Using the substantial capital gathered from his early metallurgical sales to Gao Xun, Lin Yuan acquired the vacant timber-and-stone tavern directly adjacent to his workshop. He knocked down the dividing walls, transforming the modest blacksmith shop into a sprawling, multi-tiered enterprise: The Iron Lattice Inn.
The timing was flawless. As the seasonal migration toward the Sinking Mire began to swell, a relentless influx of rogue mercenaries, out-of-town hunting squads, and scarred warriors flooded the border routes. They arrived in Wu-Tan Outpost exhausted, their bodies battered by the long trek through the high-gravity terrain and their weapons notched from skirmishes with the local fauna.
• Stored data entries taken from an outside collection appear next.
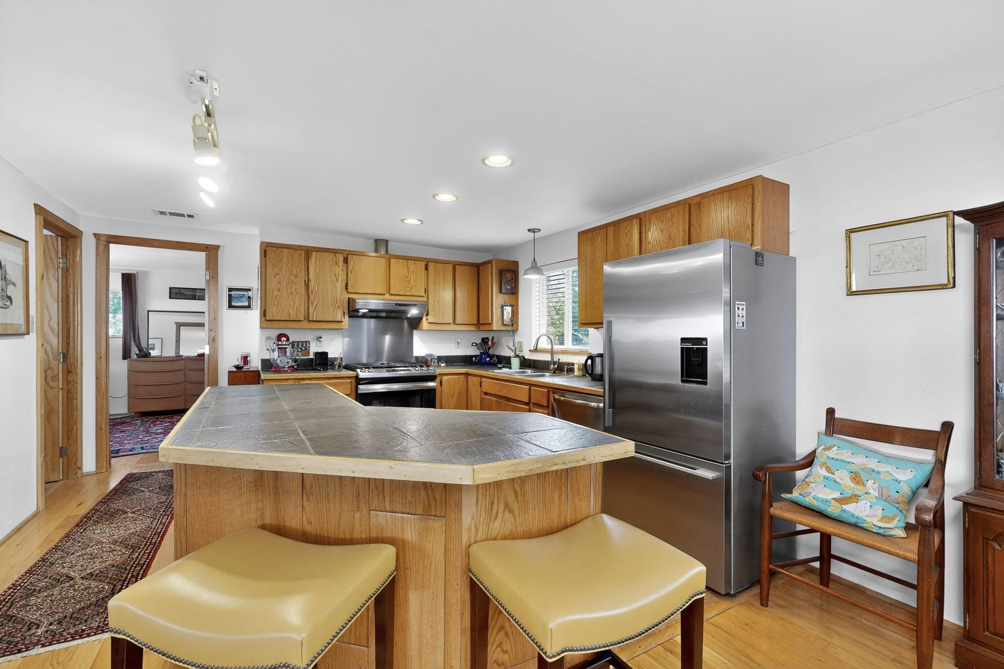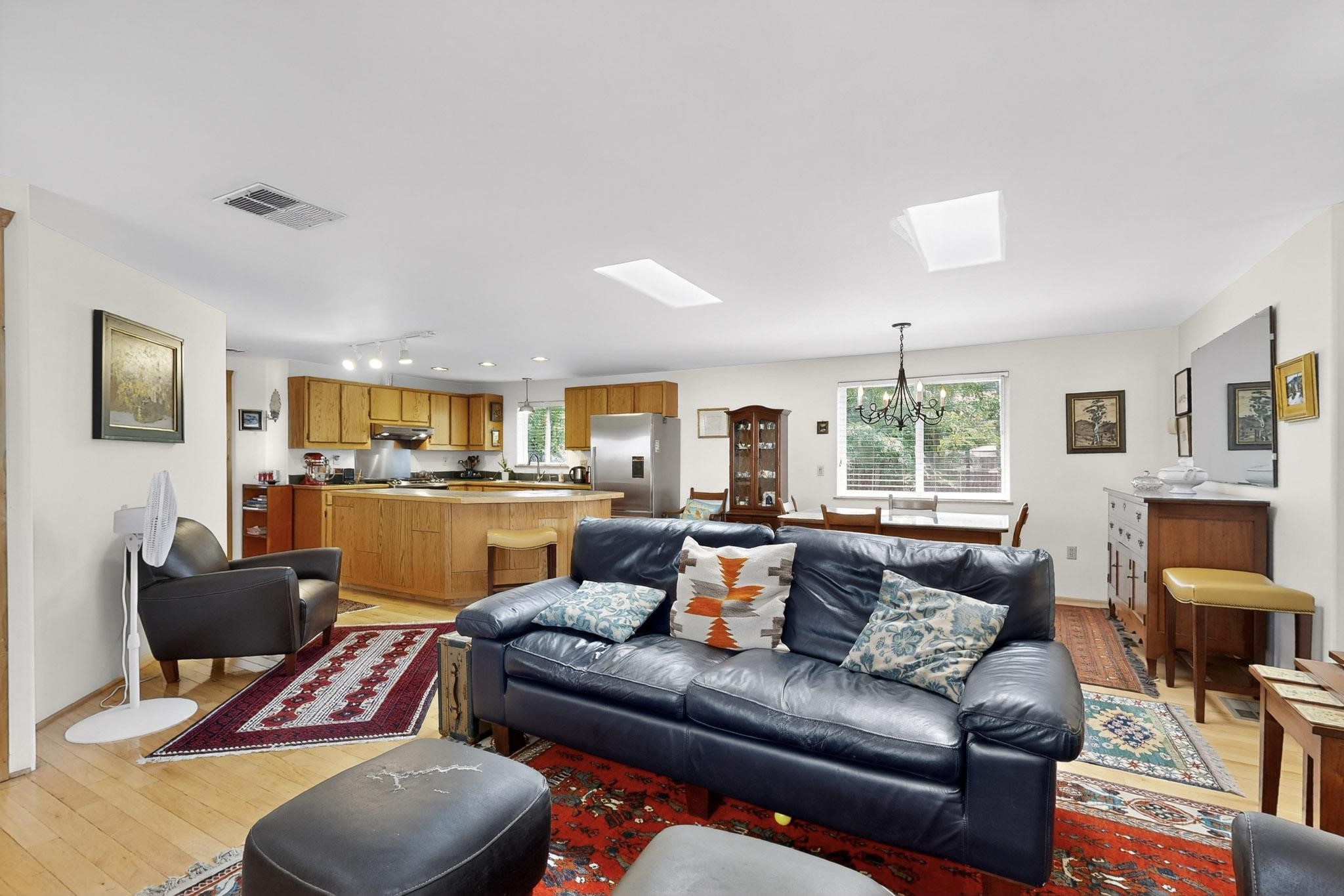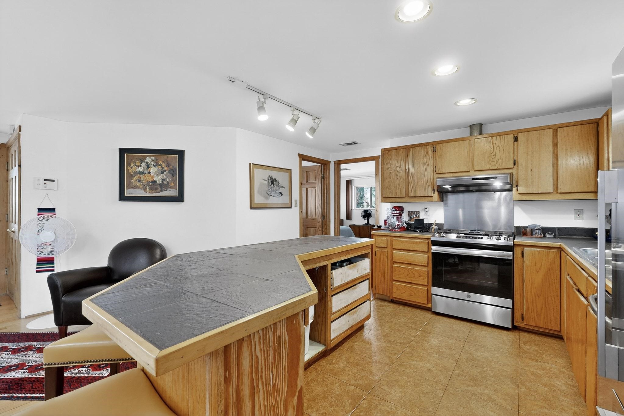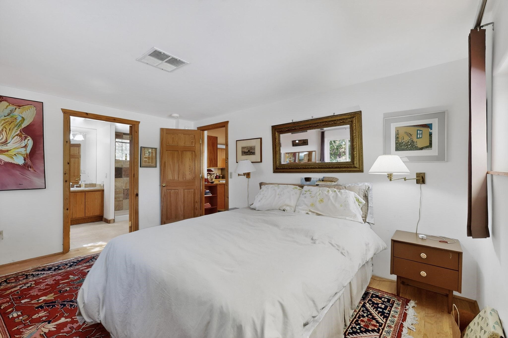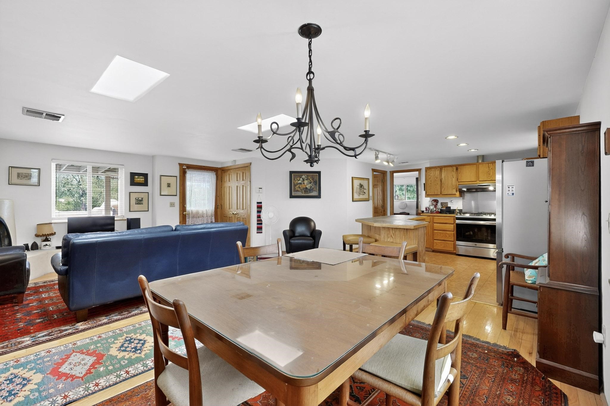Unique and charming property at the end of Paseo De La Conquistadora on just under a 1/2 acre corner lot. Potentially an ideal ADU (accessory dwelling unit). The property lends itself to multigenerational living with the elderly parents, an offspring and a caregiver living in close proximity but with separate living spaces for privacy. Nestled under mature tree cover this property has three residential dwellings. The site built house is composed of two units. One is a one bedroom with three quarter bath and has its own walled courtyard with flagstone pavers. The smaller unit is an efficiency with a three quarter bath. There is a manufactured home with two bedrooms, two office areas and two baths. It features oak and tile floors and has a nice ambience accented by a kiva fireplace. It also has a 684 square porch running the length of the building. There is a wonderful nicely landscaped side yard that is fenced and very private. The lot has numerous fruit trees, lilacs and tall pines and sits up high above the Santa Fe river and there is a nice view of the Sangres. The Santa Fe river trail is just below the lot. The property has secure access via a remote controlled gate.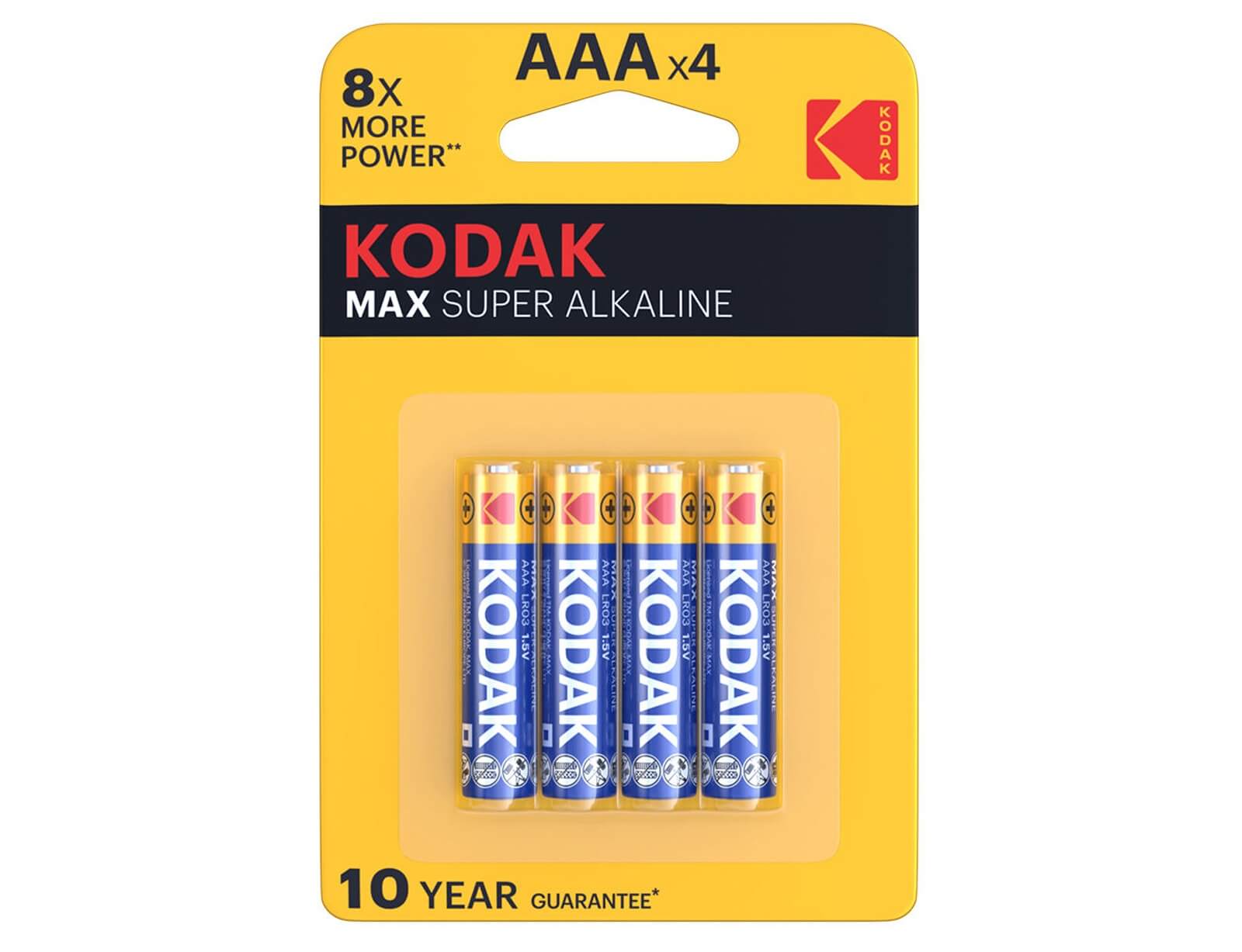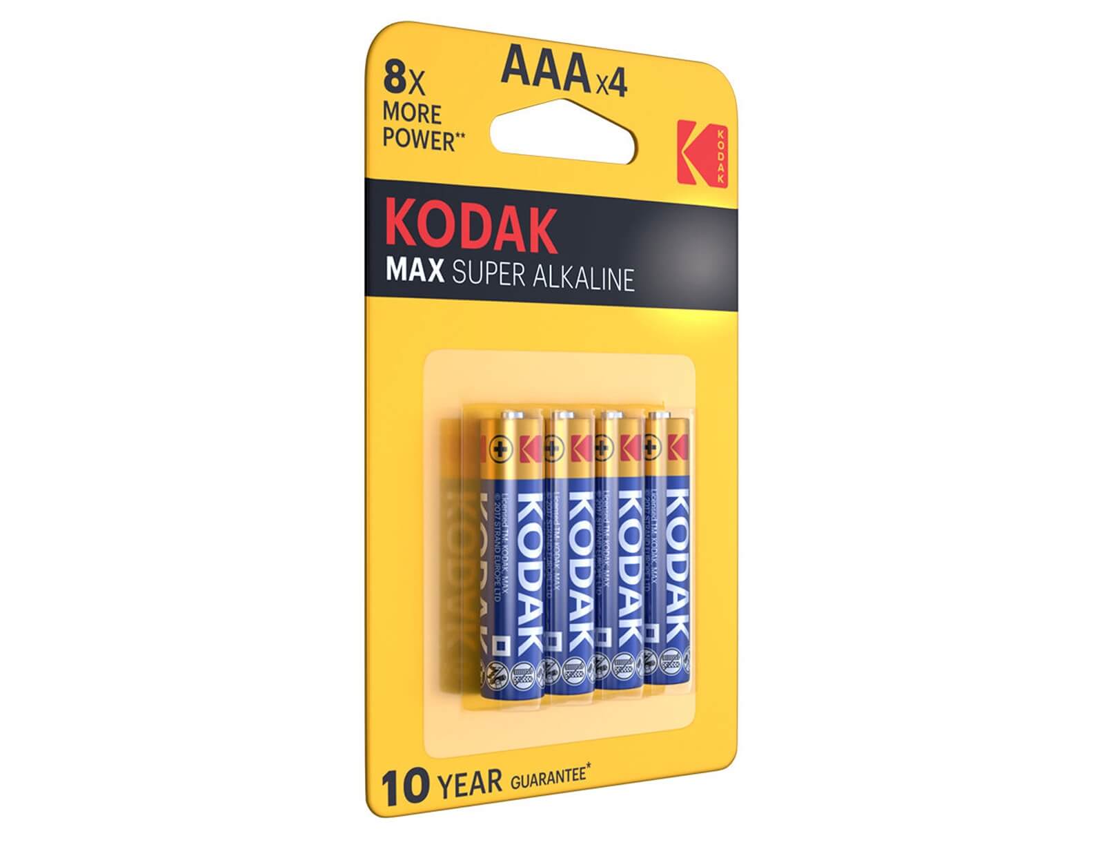 Αλκαλικές μπαταρίες της Kodak μεγέθους AΑΑ, κατάλληλες για μικροσυσκευές όπως φακοί, παιχνίδια, τηλεχειριστήρια, αριθμομηχανές και για οποιαδήποτε συσκευή χρησιμοποιεί AAA μπαταρίες.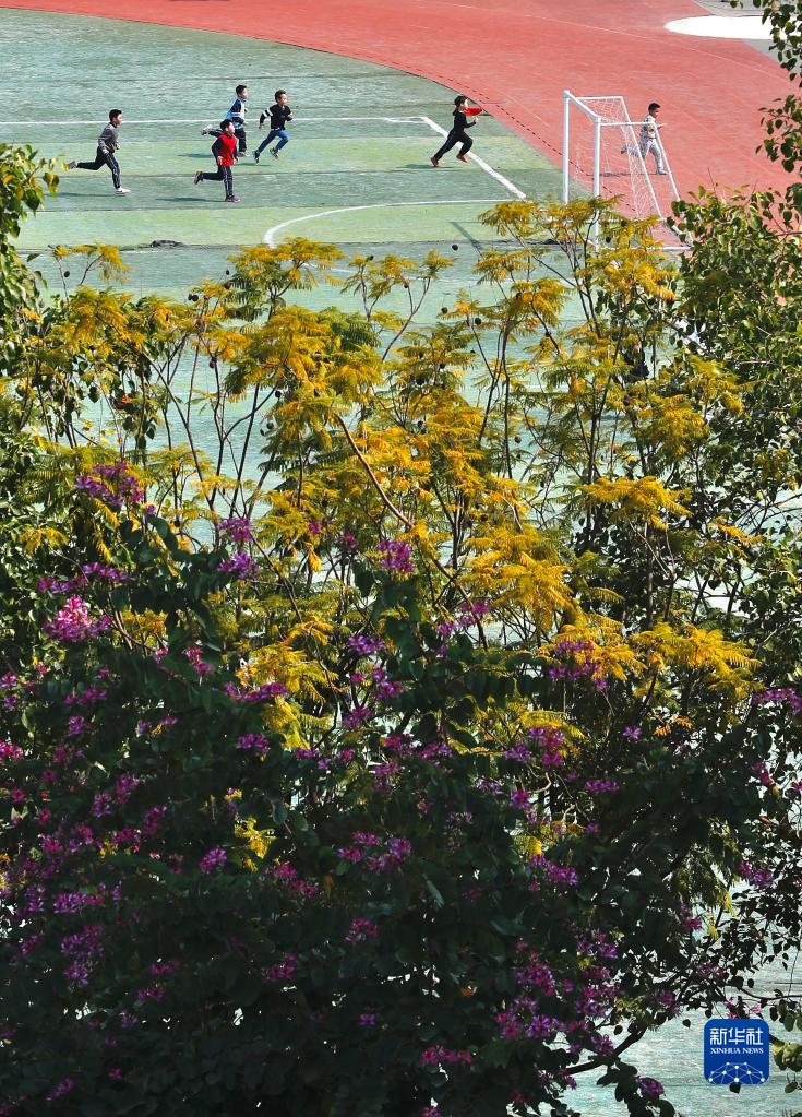 2月28日,廣西南寧市濱湖路小學(xué)的學(xué)生們在操場(chǎng)上奔跑。

They needed high-grade iron, and they needed a place to bleed off their fatigue. The Iron Lattice Inn provided both.
"Another round of the high-density grain mash," a scarred mercenary grunted, slamming a heavy leather pouch of copper coins onto the counter. "And tell the smith in the back that my broadsword is slipping along the balance point. If he can't true the spine, the graviton beasts in the valley will snap it like dry kindling."
"Leave the blade on the rack," Lin Yuan replied smoothly from behind the counter, his voice devoid of the subservient cheer common to local shopkeepers. "It will be fully recalibrated by dawn."
The quality of his work spoke for itself. Weapons leaving Lin Yuan's forge didn't possess supernatural glow or mythical traits; they possessed perfect carbon distribution, absolute structural symmetry, and a lack of micro-fractures that defied the capabilities of the town's traditional blacksmith guild. Word spread through the mercenary networks like wildfire. Within two weeks, the inn's common room was packed to capacity every night, generating a massive influx of gold and raw metal scrap.
But in a pond as small as Wu-Tan Outpost, a sudden accumulation of wealth and influence never went unnoticed.
Look, the local economy was a delicately balanced cake, and Lin Yuan had just carved out a massive piece for himself. Worse, his open business relationship and frequent private dealings with Gao Xun had sent a clear signal to the rest of the settlement. To the public, the mysterious, highly skilled smith was now firmly entrenched in the Gao Family's camp.
The response was immediate and hostile.
Across the central square, inside the high stone walls of the Liu Family manor, eyes were watching. The Liu clan, who held a strict monopoly over the outer district's traditional arms trade, saw their profits drop by thirty percent in a single fortnight. Simultaneously, the Zhao Family—who controlled the local distribution of medicinal herbs and provisions—viewed Lin Yuan's expanding inn as an unguided missile aimed directly at their territory.
The thing is, neutrality was an illusion in this world. By aligning with Gao Xun's interests to secure his initial resources, Lin Yuan had automatically inherited Gao Xun's enemies.
As the midnight bells echoed through the foggy streets of the outpost, Lin Yuan stood on the upper balcony of the inn, his sharp eyes scanning the dark alleys below. His suit's remaining short-range heat sensors picked up three distinct signatures lingering near the perimeter wall—scouts, moving with the heavy, uncalibrated footsteps of $0\text{-}3$ martial artists sent by the rival houses to map out his layout.
Lin Yuan's pupils flickered with a faint, cold blue light as the AI mapped their trajectories. He didn't feel anger; he didn't feel fear. To a rational mind, enemies were simply another environmental variable. They were an indicator that his resource accumulation had reached a critical mass.
The local predators were beginning to circling his fence, completely unaware that the man behind the counter wasn't a helpless merchant, but a monster waiting for its armor to finish curing in the dark.